Records drawn from a dataset:

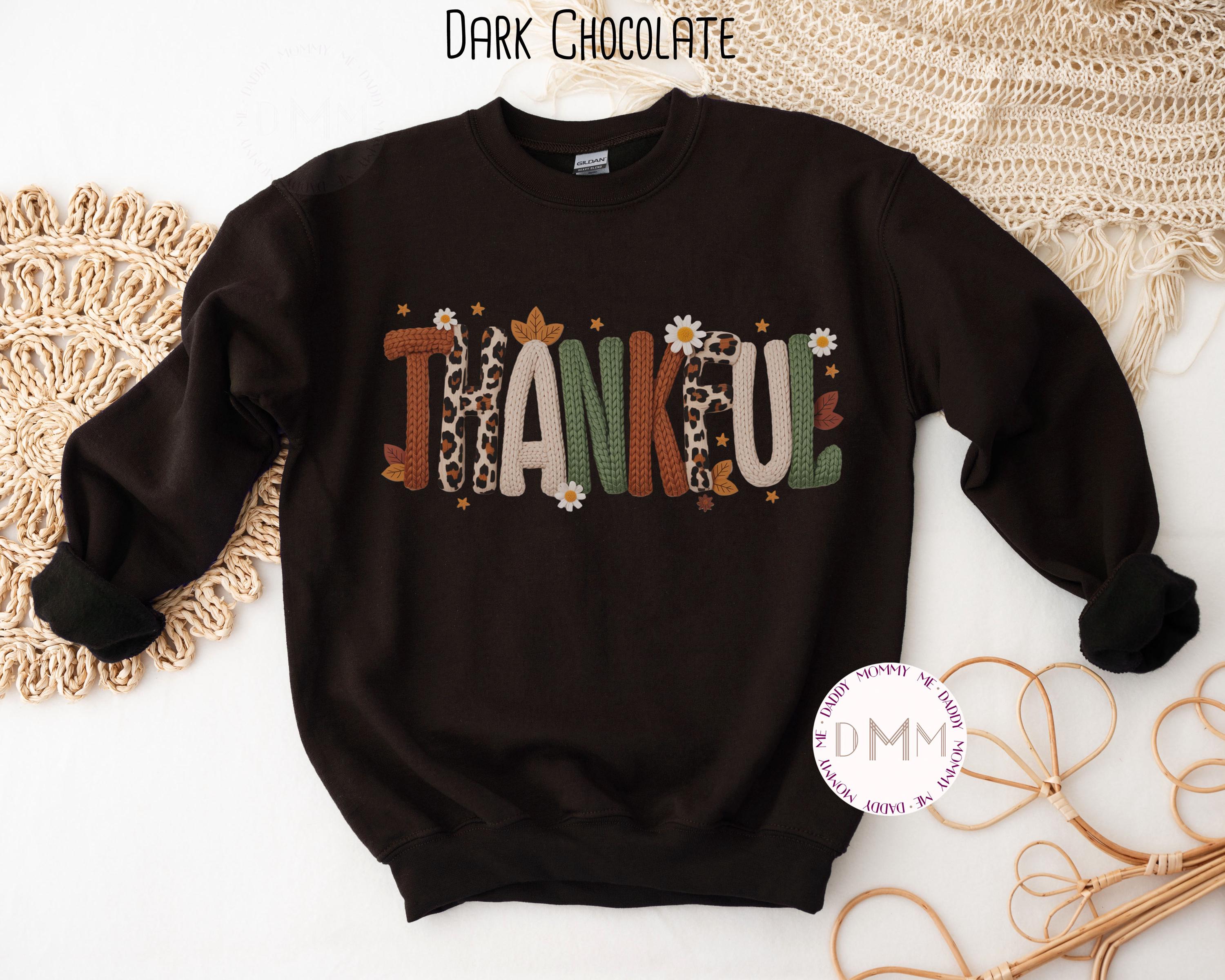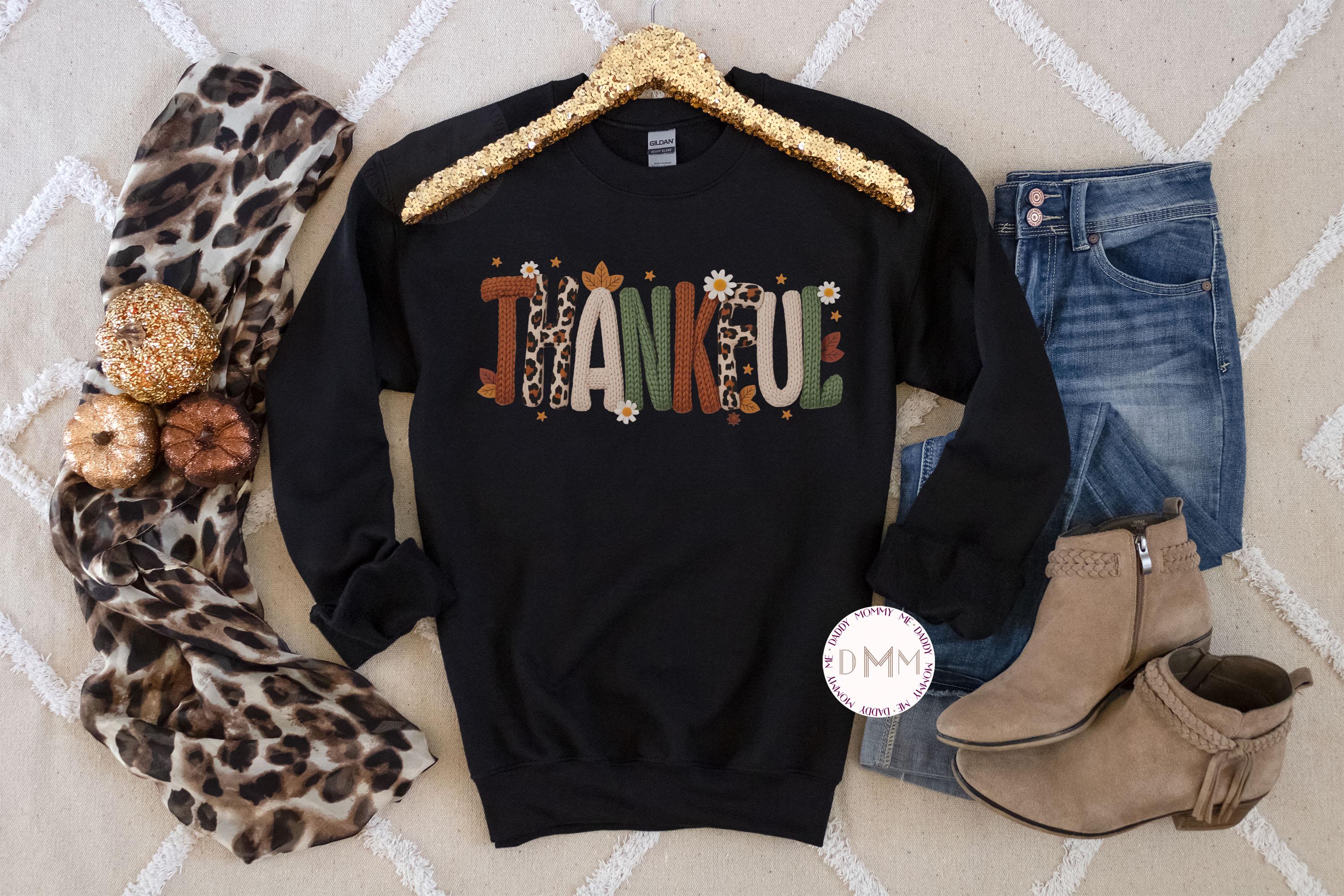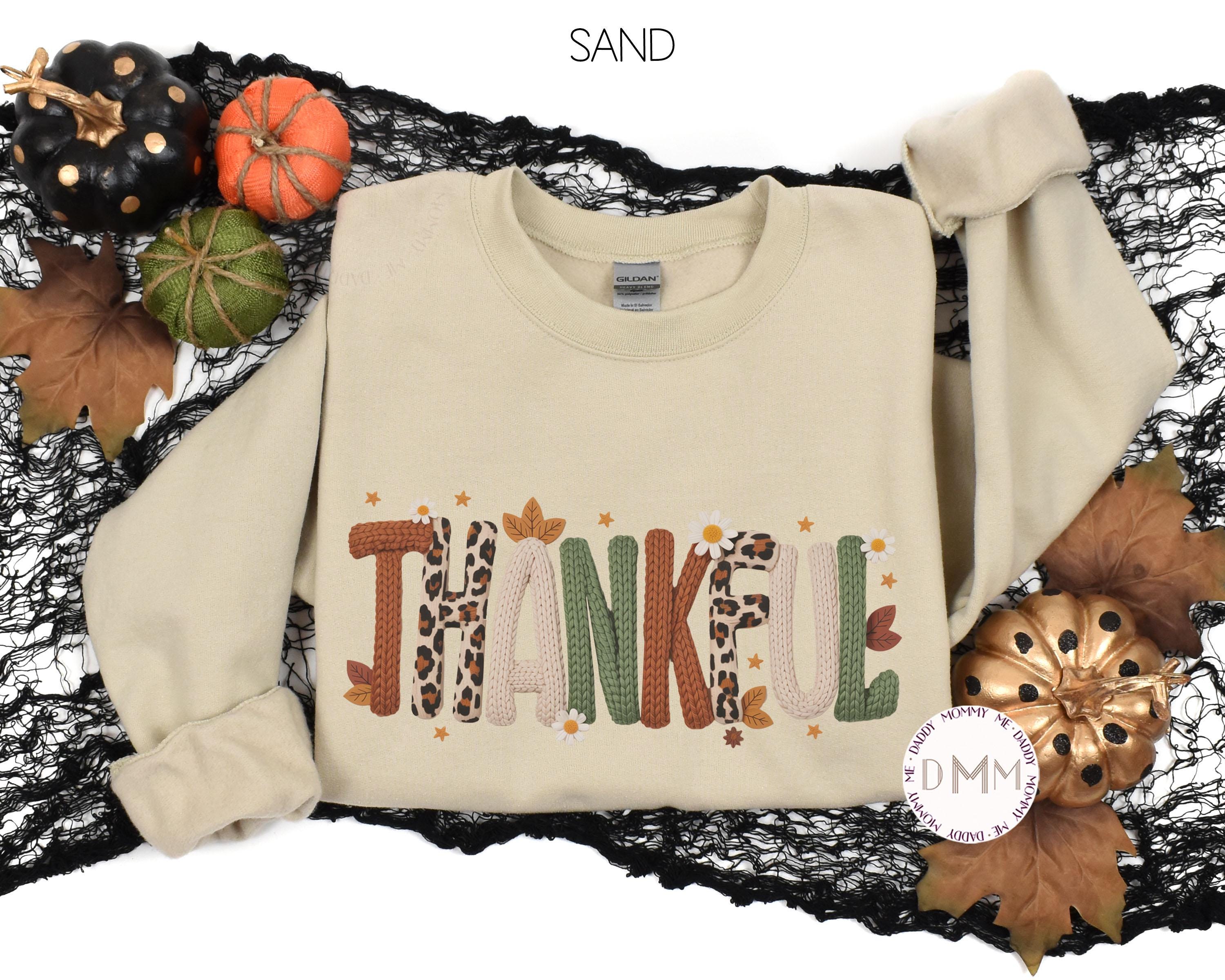 Thankful Faux Latch Hook Yarn Sweatshirt, Faux Embroidery Thanksgiving Sweater, Trendy Holiday Faux Crochet Sweatshirt Thankful Fall Sweater
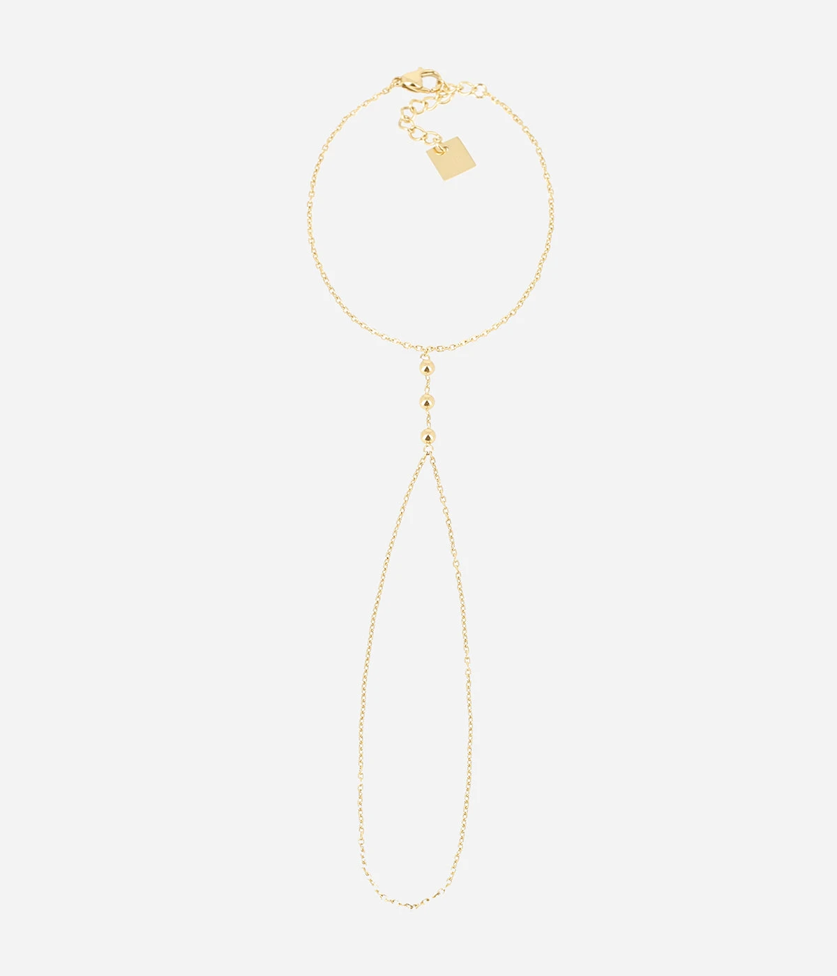 Bijou de main en acier dorĂ© Ă l’or fin oĂč se trouve trois petites boules d’acier dorĂ©.
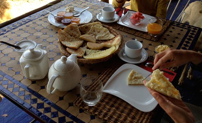 Una colazione a base di sapori marocchini (biscotti, pancake, marmellate e dolci, formaggi freschi, uova di fattoria ecc.) incluso nel prezzo della camera, viene servita tutti i giorni nel giardino o terrazza con vista panoramica sulla campagna di Asilah (Marocco).
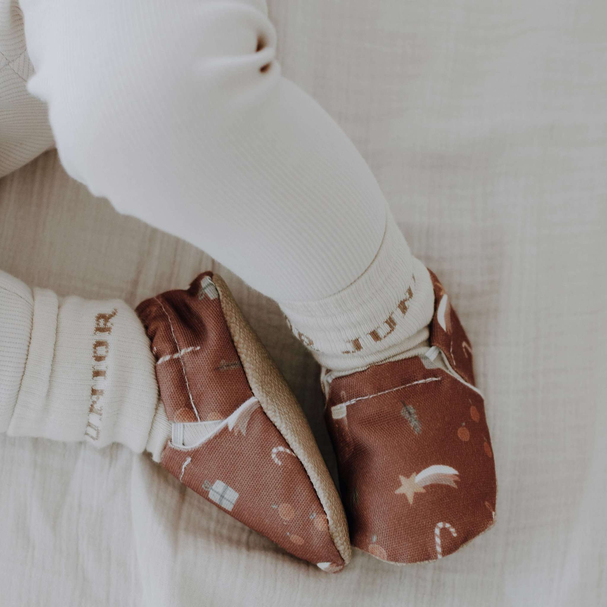 Macht es Euch gemütlich und genießt diese magische Zeit mit unseren Cosy Christmas Schühchen!. Der Stoff ist samtweich und die rutschhemmende Sohle hilft Dir beim Krabbeln und Laufen (lernen). Die Schuhe passen sich optimal Deinen Füßen an und fördern Deine gesunde Entwicklung. Es ist fast wie barfußlaufen nur mit dem Schutz aus samtweichen und recycelten Materialien.
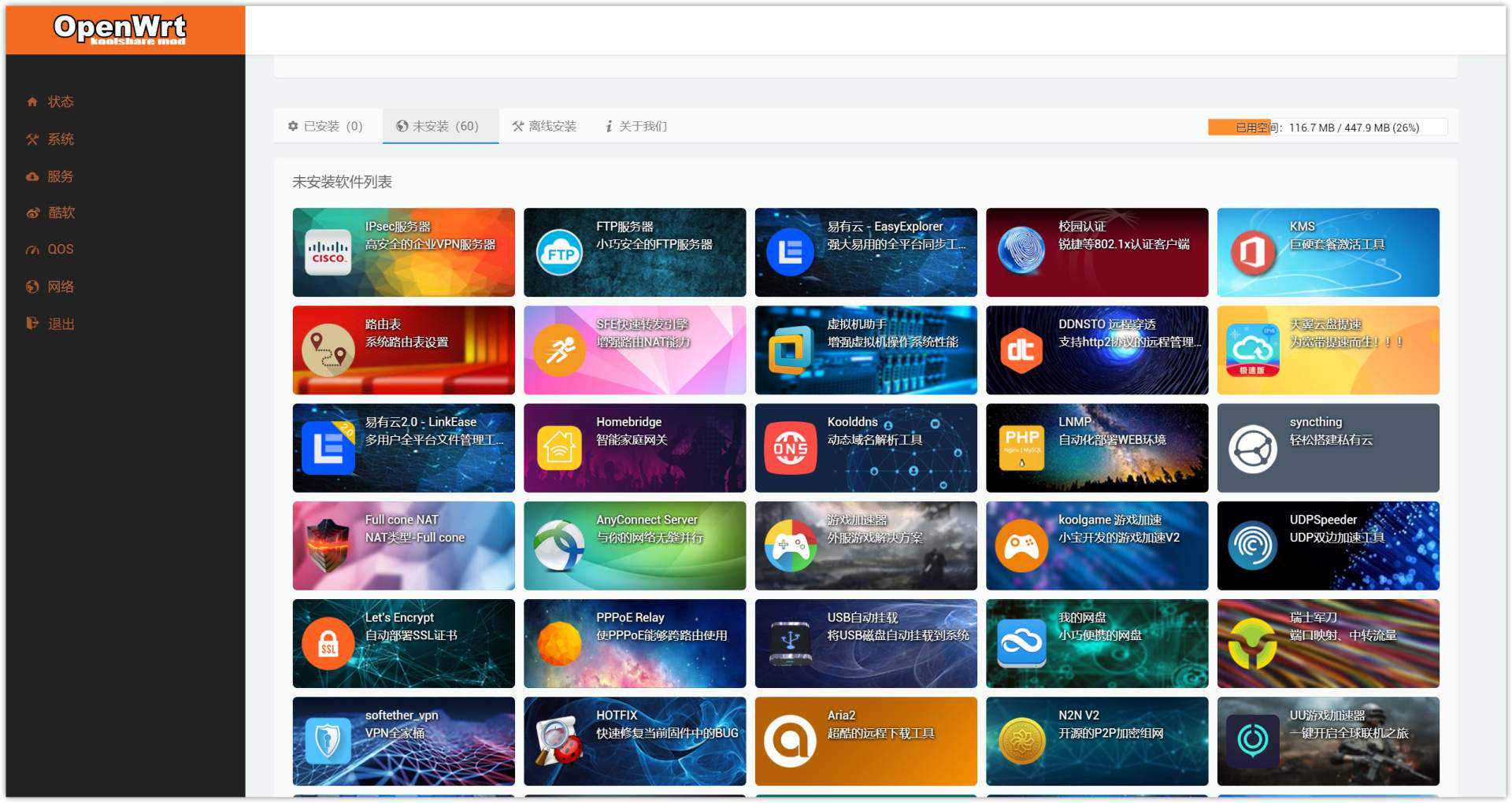 ▼LEDE就是玩插件,下面的软件仓库里直接安装就行(需要自行下载离线包,懂的都懂)。
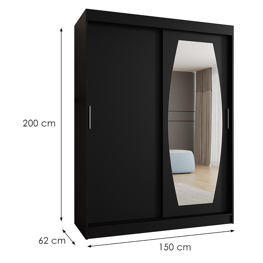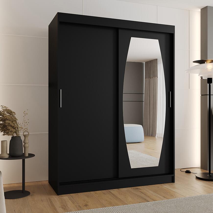 Czarna szafa Rossa 150 to propozycja dla osób ceniących elegancki design w połączeniu z praktycznością. Matowa czerń nadaje wnętrzu nowoczesny, minimalistyczny charakter, a wbudowane lustro zwiększa funkcjonalność mebla.

## YOUR ASSIGNMENT
In the answer, include exactly the lines from the one containing "Una colazione a" through the end of the records above and no pictures at all.

## SOLUTION
 Una colazione a base di sapori marocchini (biscotti, pancake, marmellate e dolci, formaggi freschi, uova di fattoria ecc.) incluso nel prezzo della camera, viene servita tutti i giorni nel giardino o terrazza con vista panoramica sulla campagna di Asilah (Marocco).
 Macht es Euch gemütlich und genießt diese magische Zeit mit unseren Cosy Christmas Schühchen!. Der Stoff ist samtweich und die rutschhemmende Sohle hilft Dir beim Krabbeln und Laufen (lernen). Die Schuhe passen sich optimal Deinen Füßen an und fördern Deine gesunde Entwicklung. Es ist fast wie barfußlaufen nur mit dem Schutz aus samtweichen und recycelten Materialien.
 ▼LEDE就是玩插件,下面的软件仓库里直接安装就行(需要自行下载离线包,懂的都懂)。
 Czarna szafa Rossa 150 to propozycja dla osób ceniących elegancki design w połączeniu z praktycznością. Matowa czerń nadaje wnętrzu nowoczesny, minimalistyczny charakter, a wbudowane lustro zwiększa funkcjonalność mebla.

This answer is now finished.